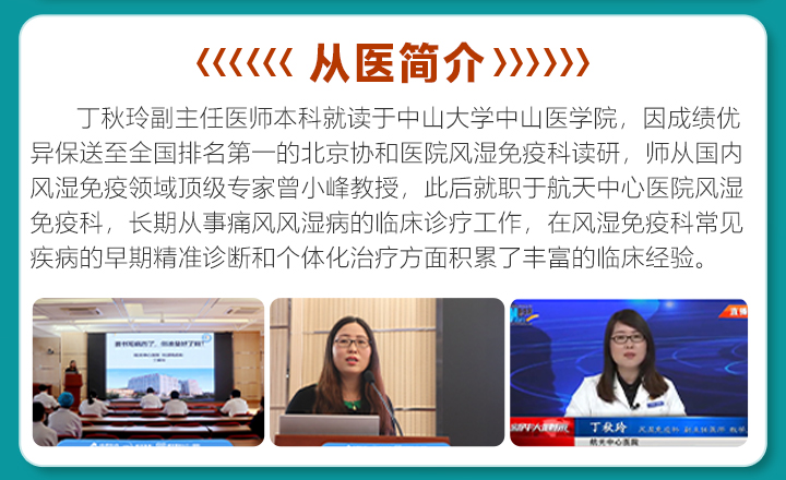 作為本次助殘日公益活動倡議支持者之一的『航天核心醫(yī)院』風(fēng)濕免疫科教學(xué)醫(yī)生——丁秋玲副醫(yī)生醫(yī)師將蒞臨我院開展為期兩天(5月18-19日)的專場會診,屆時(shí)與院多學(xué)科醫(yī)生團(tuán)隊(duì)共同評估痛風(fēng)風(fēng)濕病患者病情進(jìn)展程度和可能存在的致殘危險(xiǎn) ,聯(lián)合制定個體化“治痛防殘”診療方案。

--

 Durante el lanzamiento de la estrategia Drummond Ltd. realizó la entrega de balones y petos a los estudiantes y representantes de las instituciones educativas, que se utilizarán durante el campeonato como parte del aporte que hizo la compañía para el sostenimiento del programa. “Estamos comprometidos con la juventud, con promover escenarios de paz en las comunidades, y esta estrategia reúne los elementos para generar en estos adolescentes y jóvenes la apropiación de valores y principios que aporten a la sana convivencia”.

...

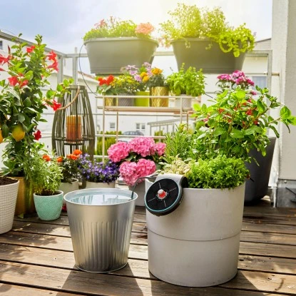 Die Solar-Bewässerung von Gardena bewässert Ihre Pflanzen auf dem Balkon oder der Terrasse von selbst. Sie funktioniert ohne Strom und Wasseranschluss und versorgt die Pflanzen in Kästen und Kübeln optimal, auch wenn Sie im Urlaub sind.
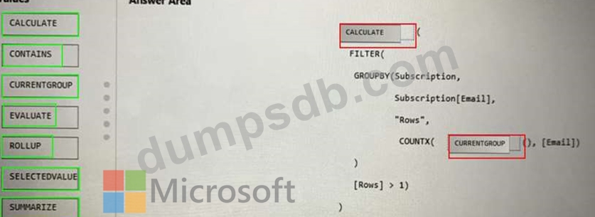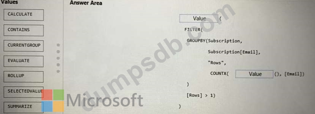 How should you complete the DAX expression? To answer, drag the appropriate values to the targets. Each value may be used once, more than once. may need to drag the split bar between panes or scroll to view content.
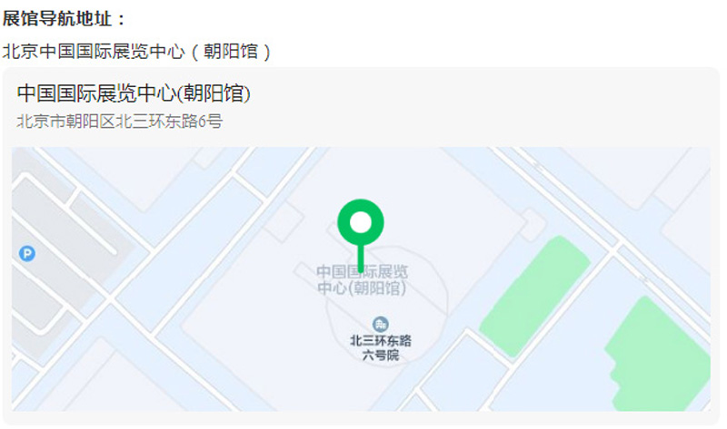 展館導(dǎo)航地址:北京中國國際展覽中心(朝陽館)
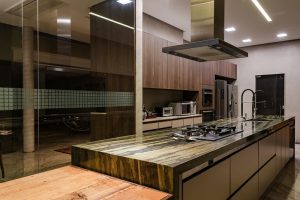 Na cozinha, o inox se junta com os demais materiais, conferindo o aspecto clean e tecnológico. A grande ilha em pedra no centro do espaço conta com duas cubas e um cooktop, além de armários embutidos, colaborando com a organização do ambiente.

◆ Exercise brief
In the listing above, find the line with "How should you" and the line with "展館導(dǎo)航地址:北京中國國際展覽中心(朝陽館)". Copy exactly those lines and all between them, minus the images.

◆ Written reply
 How should you complete the DAX expression? To answer, drag the appropriate values to the targets. Each value may be used once, more than once. may need to drag the split bar between panes or scroll to view content.
 展館導(dǎo)航地址:北京中國國際展覽中心(朝陽館)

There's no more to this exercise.